It should be remarked that the use of 2-sample location tests (e.g. t-test and non-parametric equivalents) as a means to assess statistical significance of a factor, alone or beside regression analysis, should be discouraged. Actually, they investigate only systematic difference, that is systematic bias at an agreement analysis, and can be considered reliable just when observations cover a narrow range and no significant trend is supposed to arise (80, 81). Therefore, a paper could report a non-significant factor at t-test producing a proportional bias instead, confusing the reader.

Assessing clinical significance

The clinical significance of any procedure should be always assessed within the statistical framework adopted to test the factor, and reported alongside the statistical significance. If the assessment is carried out with linear models (Passing-Bablok regression, LMEM) it is suitable to use the RCV, popularized in laboratory medicine by Fraser, to get the actual threshold of clinical significance (82). If the observed bias is larger than the expected combined effect of analytical and biological variability, then clinical significance is achieved. The RCV can be obtained at different levels of the laboratory assay knowing the corresponding actual imprecision of the analytical method by means of quality control samples (an example applied to regression analysis in shown in Appendix C). Alternatively, the technically equivalent total change limit (TCL) can be used (83). As they both depend on the underlying assumption of statistical normality (same probability of getting an equally large positive or negative variation), they can be reformulated using a robust non parametric model in order to better resemble the structure of data and gain the appropriate sensitivity (84, 85). Lastly, the comparison of achieved bias with desirable values obtained from databases is another alternative to the use of statistically derived boundaries, but it does not take into consideration the actual imprecision of the methods used to perform experiments (86).
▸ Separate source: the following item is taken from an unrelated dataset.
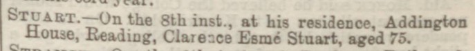 CLARENCE ESME STUART was the youngest son of Mr. Wm. Stuart, of Tempsford Hall, Sandy, and grandson of Hon. Wm. Stuart, Archbishop of Armagh, who, like that prelate's father, enjoyed the special confidence of King George III. The Earl of Bute was direct ancestor, likewise of the present Marquis of Bute. The family descends collaterally from the old royal house of Stuart, and C. E. Stuart was by some regarded as bearing a likeness to Charles I. His mother was a maid-of-honour to Queen Adelaide as Duchess of Clarence, who was his godmother; hence the name Clarence. The name Esme is one familiar to students of modern Scottish history.
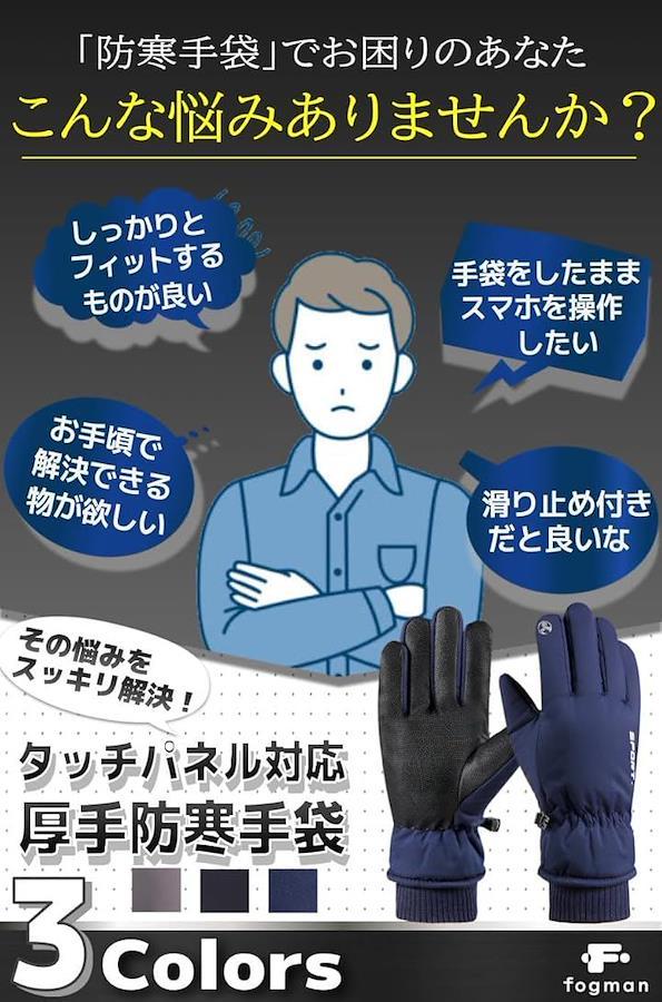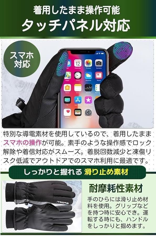 「商品特徴」(1)トリプル蓄熱設計:しっかり熱を閉じ込め暖かい/(2)収納に便利バックル:バックル付きで紛失の心配を軽減/(3)タッチパネル対応:手袋を着用したままでもスマホを触れる/(4)掌は全面滑り止め付き:対象物を滑らずにしっかりと握れる

A concluding remark on statistical methodology regards the recommendation to use the difference plot (better known as Bland-Altman plot) for bias assessment and clinical significance in these studies. The method was devised to estimate at-a-glance, by the scatter plot of individual differences between paired observations, the 95% limits of agreement using the ± 1.96 standard deviation interval around the average bias (87-89). The procedure has the major advantage of computational simplicity and visual immediacy, but in order to emphasize the random component of bias it constrains the modelling of the systematic and proportional components (90). It should be also not considered complementary to regression analysis, also because procedures based on least squares estimate do not return independently distributed residuals while the Bland-Altman plot assumes differences to behave otherwise (91). Therefore, use and interpretation of this kind of plot within a framework based upon linear modelling should be carefully undertaken.

Delivering the evidences

A pre-analytical investigation of phlebotomy should aim to deliver information of practical relevance, and thus it should be meant to reach also non-academic recipients. This makes accessibility a major objective, and the author should take into consideration the impact in the decision-making of the phlebotomist accessing his research. In this regard, it should be advisable to use P-value beside the confidence interval plus the level of clinical significance, as that was shown to produce the highest rate of correct interpretation of results (92, 93).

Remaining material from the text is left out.